Elini boynumdan çekti, yürümeye devam etti. Ne bitmek bilmeyen yolmuş, diye düşündüm.
"Bu nasıl bir tehdit ama, düşmanıma yapmam bu yaptığını. Ayıp yahu."
Boynumu okşarken, onu takip ettim. Sonunda mutfak olduğu belli olan yere geldik.
Masada ramen vardı. Bir de et.
"Ooh, et mi o? Çok severim." Ellerimi çırparak masadaki sandalyeye oturdum.
"Sen ramen yiyeceksin." Hayal kırıklığı...
"Aşk olsun, yakında ölecek birinin isteklerini neden kırıyorsun ama."
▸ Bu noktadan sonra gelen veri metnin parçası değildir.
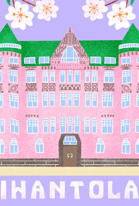 Olga Mezhevich (b. 1987) is a visual artist creating digital illustrations as well as acrylic paintings (working under the artistic name Olga Illustrates). Olga has a special interest in depicting Art Nouveau architecture of Helsinki in her art. She became interested in architecture while working as a guide in the city and thinks that Helsinki has the most unique interpretation of Art Nouveau style of all. Moreover, Helsinki has cozy neighbourhoods with colourful wooden houses surrounded by gardens, such as Puu-Käpylä, Puu-Vallila and Puu-Tapanila, which also inspire Olga. She strives to create a sense of warmth and coziness with her artworks by using cheerful colours and cute elements. Olga also experiments with other techniques such as Fluid Art and collage art.
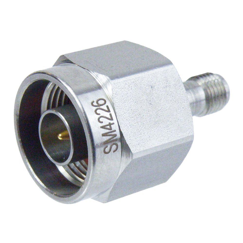 This is manufactured by Fairview Microwave. The manufacturer part number is SM4226. Additionally, the product is designed with straight Style. The product is rohs3 compliant. It has conversion specifications from sma jack, female socket. Its center comes as a female to male. The beryllium copper material is utilised for designing its center contacts. The product has -55°c ~ 100°c operating temperature range. Moreover, the product is constructed from highly polytetrafluoroethylene (ptfe) dielectric material. The adapter has a sma to n series. The center contact is plated with a [Center Contract Plating]. Can effectively be converted to n plug, male pin. It maximum frequency is 18 ghz. It has an impedance value of 50 ohms. It is shipped in bulk package . Its typical moisture sensitivity level is 1 (unlimited). The product's body is nicely designed from stainless steel materials. Furthermore, threaded, threaded is the Fastening Type of the product. It provides best efficiency with mating cycles of 500. The product is available in free hanging (in-line) configuration. Features between series conversion type. The adapter is a plug to jack.
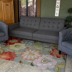 Great Gray Tufted Futon Whit Two Modern. Arm Chairs $375Avondale, AZ
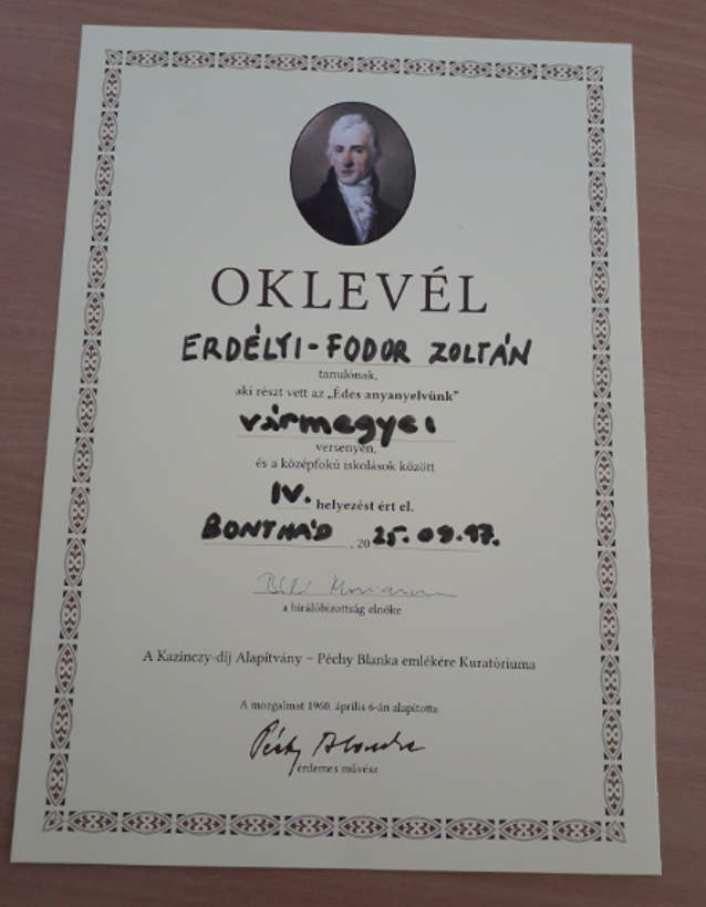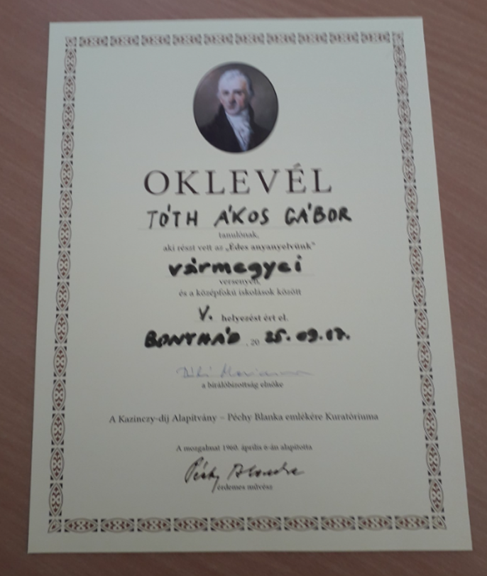 2025. 09.17-én az „Édes anyanyelvünk” nyelvhasználati verseny vármegyei döntőjében Bonyhádon gimnáziumunkat két tanuló képviselte: Erdélyi-Fodor Zoltán János (11. B) 4. helyen, Tóth Ákos Gábor (12. C) 5. helyen végezett a szoros küzdelemben.
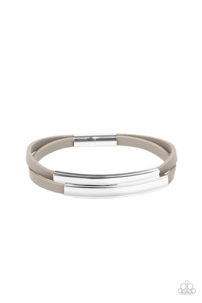 Curved silver rectangular frames glide along two dainty strands of gray leather, creating edgy layers around the wrist. Features a magnetic closure.
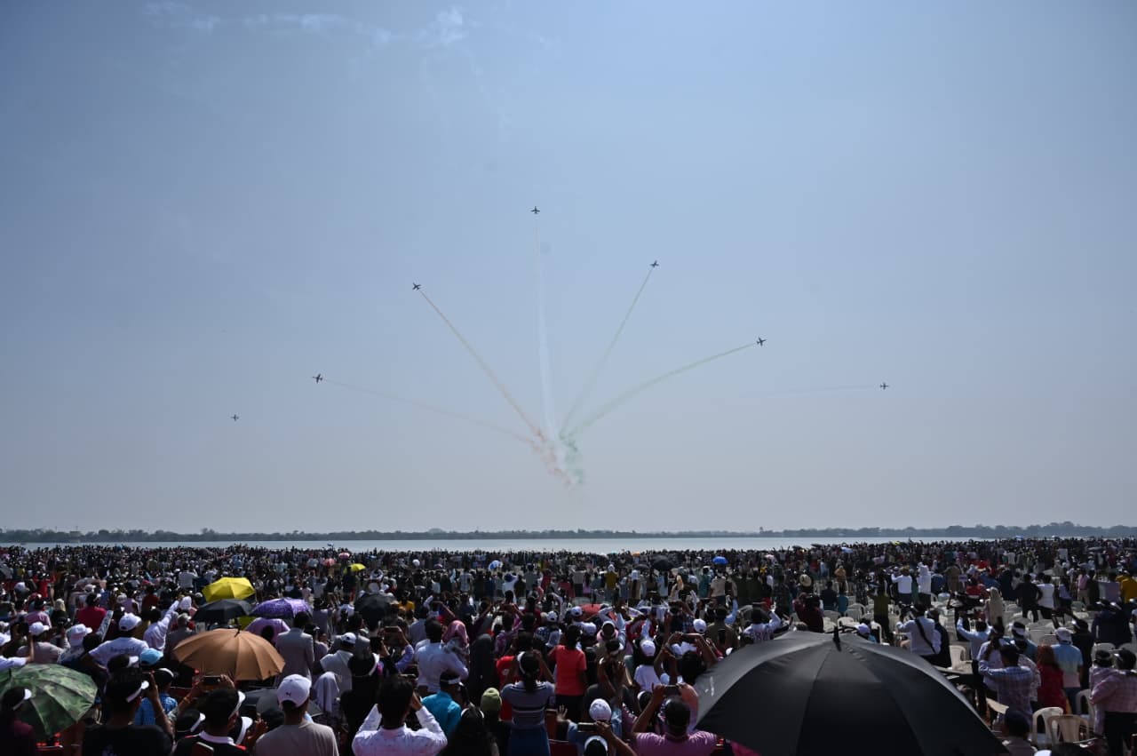 एयर शो में “सूर्यकिरण” की टीम के नौ हॉक-मार्क-123 फाइटर विमानों ने आसमान में हार्ट, डायमंड, लूप, ग्रोवर, डान लाइट, कॉम्बैट तेजस जैसे शानदार फार्मेशन बनाकर लोगों को रोमांचित किया। नीले आसमान में उड़ते लाल-सफेद जेट विमानों द्वारा तिरंगे की आकर्षक ट्रेल छोड़ने पर सेंध जलाशय परिसर तालियों और जय-हिंद के नारों से गूंज उठा। हज़ारों की संख्या में मौजूद नागरिक, युवा और बच्चे लगातार विमानों की कलाबाजियों को अपने कैमरों और मोबाइलों में कैद करते रहे।
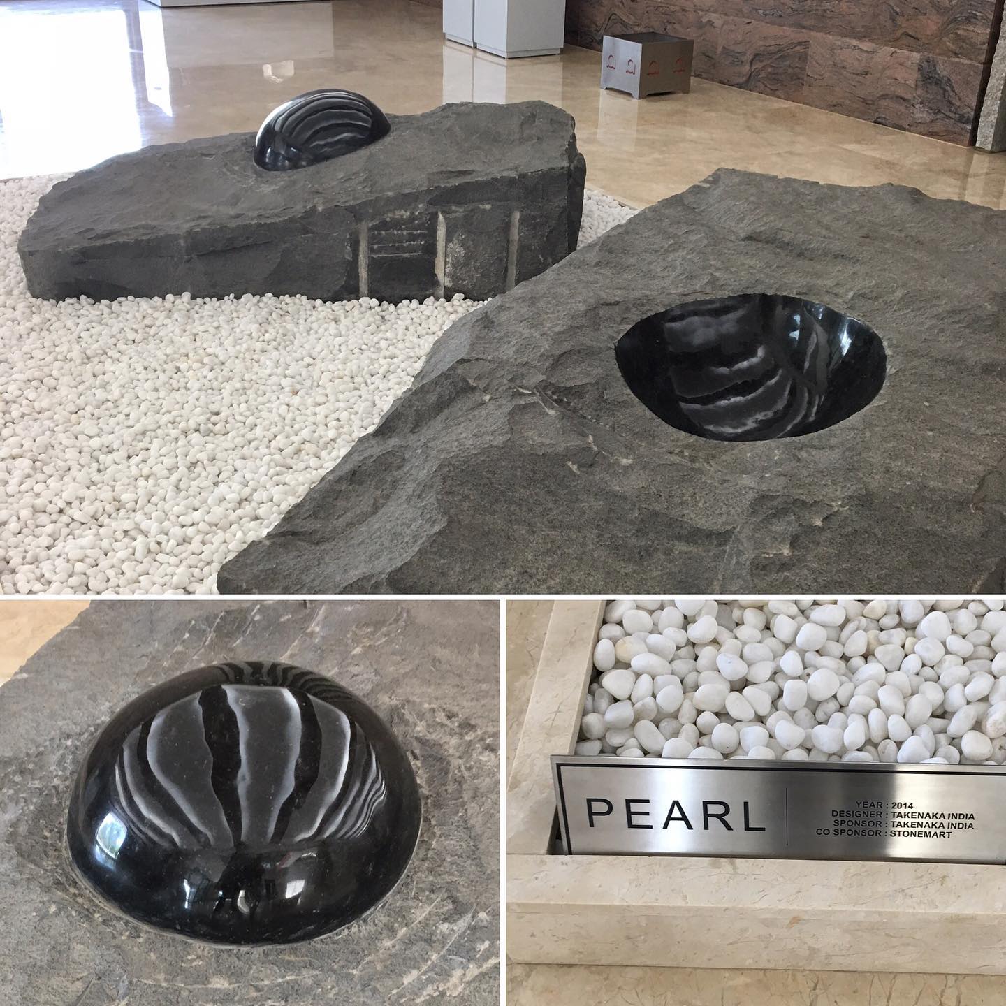 〈余談〉アマダインディアのビルディングに入り感銘を受けたのは、インドの石を巧みに使った建築の風合いだった。インドには大理石(マーブル)、御影石(グラナイト)など石材が豊か。御影石には、黒や赤、緑などのさまざまな種類があり廉価で入手できる。入り口にある御影石のオブジェもすてきだった。荒削りの石を研磨すると、まさにパールの如く、艶やかに輝くのだ。
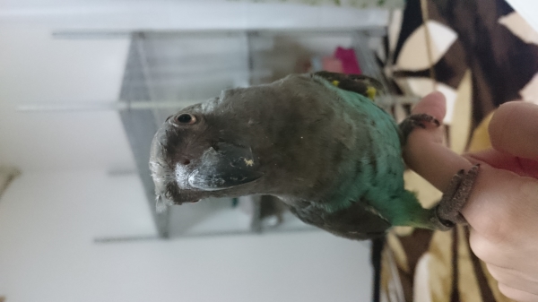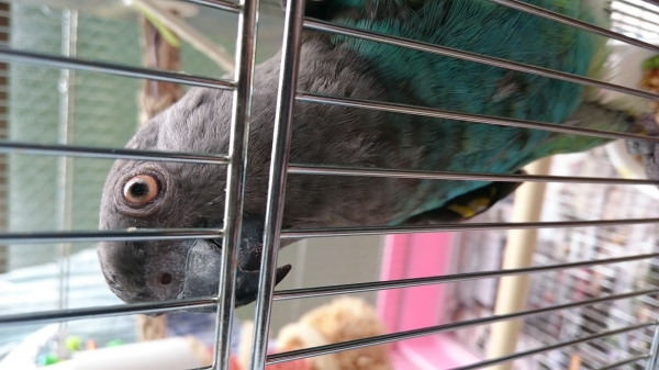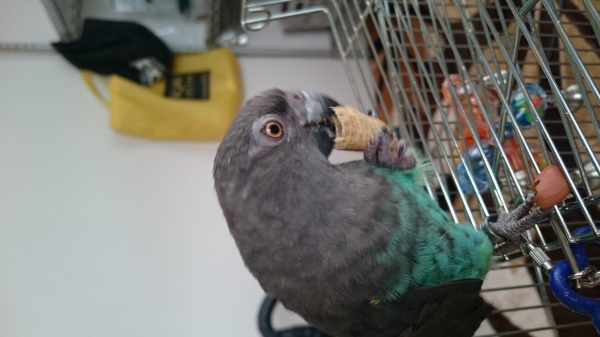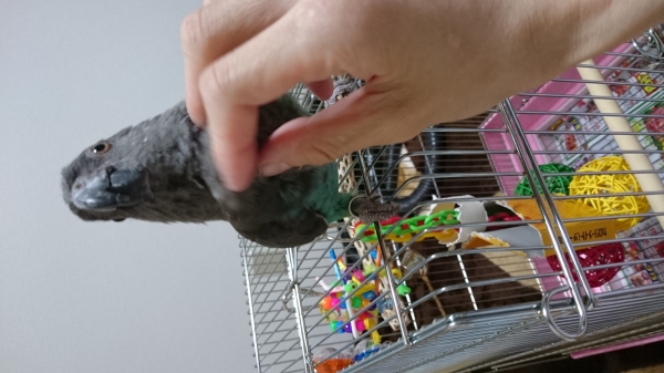 メロンは力持ちです(笑)嘴ですが空き缶もブンブン振りましたり、ペンは脚で握ったりとします♪女の子なのに、ワイルドです!
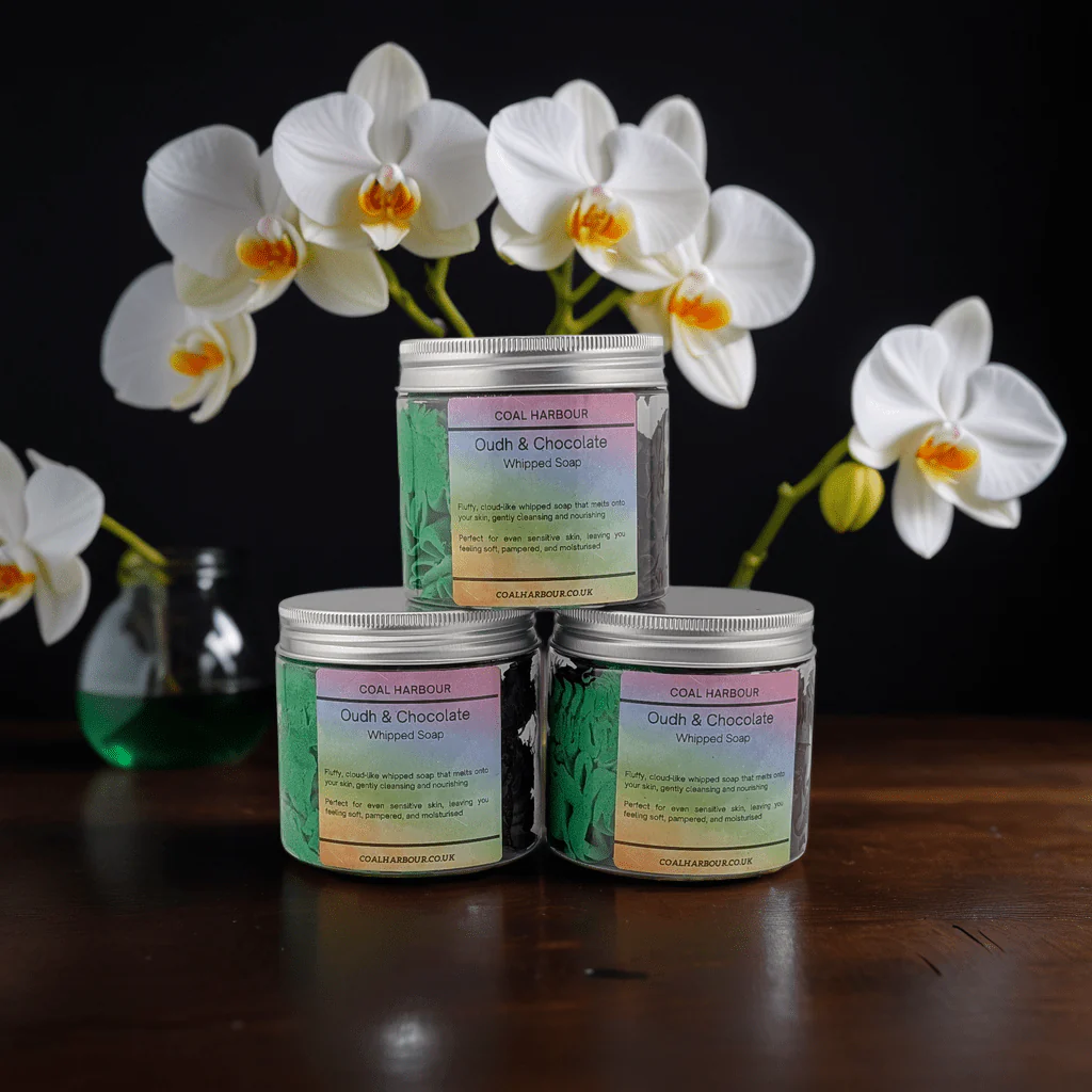 Oudh and Chocolate Whipped Soap: Decadent blend of velvety chocolate and deep oudh – warm, sweet, and aromatic
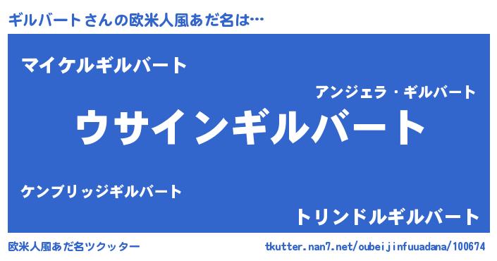 | 男性向けラノベタイトル風あだ名 | 『ギルバートの嫁は女の子じゃないと思った?』 |
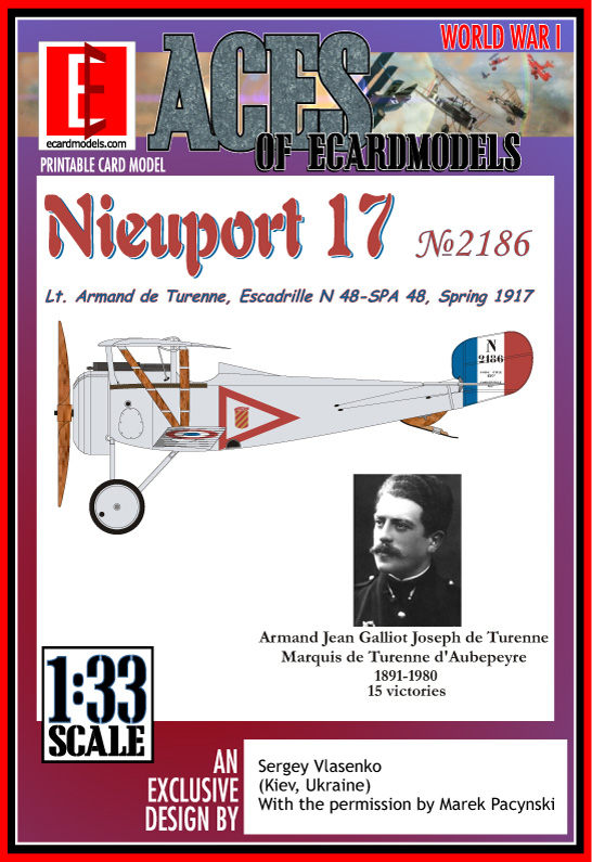 This paper model builds a Nieuport 17 for the Aces of Ecardmodels Series. This aircraft was flown by Lt. Armand de Turenne flying with Escadrille N48-SPA48 during the Spring of 1917. Lt. de Turenne achieved 15 victories.
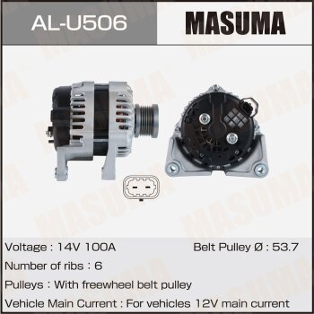 | 147243 | Masuma | AL-U506 | Masuma AL-U506 / ALU506 Генератор , GM / A18XER, A16LET, A 16 XER (14V/100A) | 3 | 17350 | Только для отправки по России. |  |
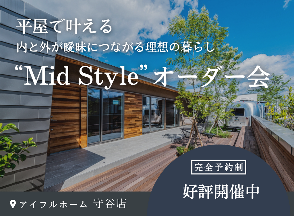 | タイトル | 【守谷店】平屋で叶える内と外が曖昧につながる理想の暮らし“Mid Style”オーダー会 |
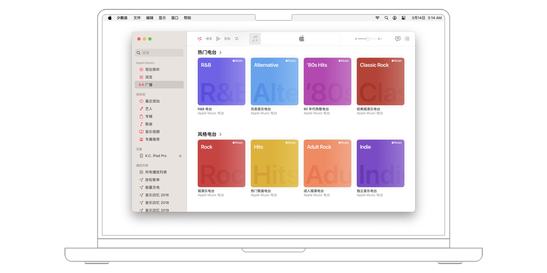 自 Apple Muisc 登陆中国大陆地区以来,「广播」里长期只有「推荐电台」「最近播放」「探索更多」和「电台类型」几个选项,基本都是根据歌曲类型由机器自动生成的一些电台。
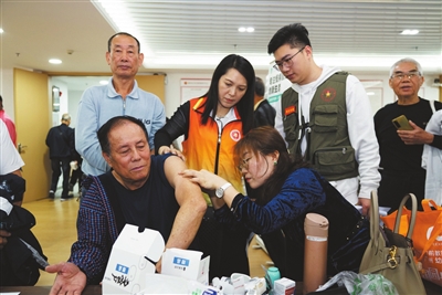 工作人員、志愿者協(xié)助退役軍人測血糖。本報(bào)記者 黃藝杰 攝

"Umurumda değilsin, sus ve yemeğini ye."
"Yemek mi bu?" Kalbim kırılmıştı. Tamam, her şeyi taşkalaya vuruyor olabilirdim, yine de herkesten daha çabuk kırılıyordum işte...
"Yemiyorsan ben yerim. Bırak ve odana çık."
"Ama açım..." Sesim kısılırken, inat etmeyi bıraktım. Çubukları aldım, önüme çektiğim ramene daldırdım.
Yemeye başladım.
Birkaç dakika geçmişti ki, bakış açıma giren çubuklarla dikkatim dağıldı.
"Al..." Kendi tabağından aldığı birkaç parça eti, ramenimin üstüne koydu, adını hala öğrenemediğim yabancı.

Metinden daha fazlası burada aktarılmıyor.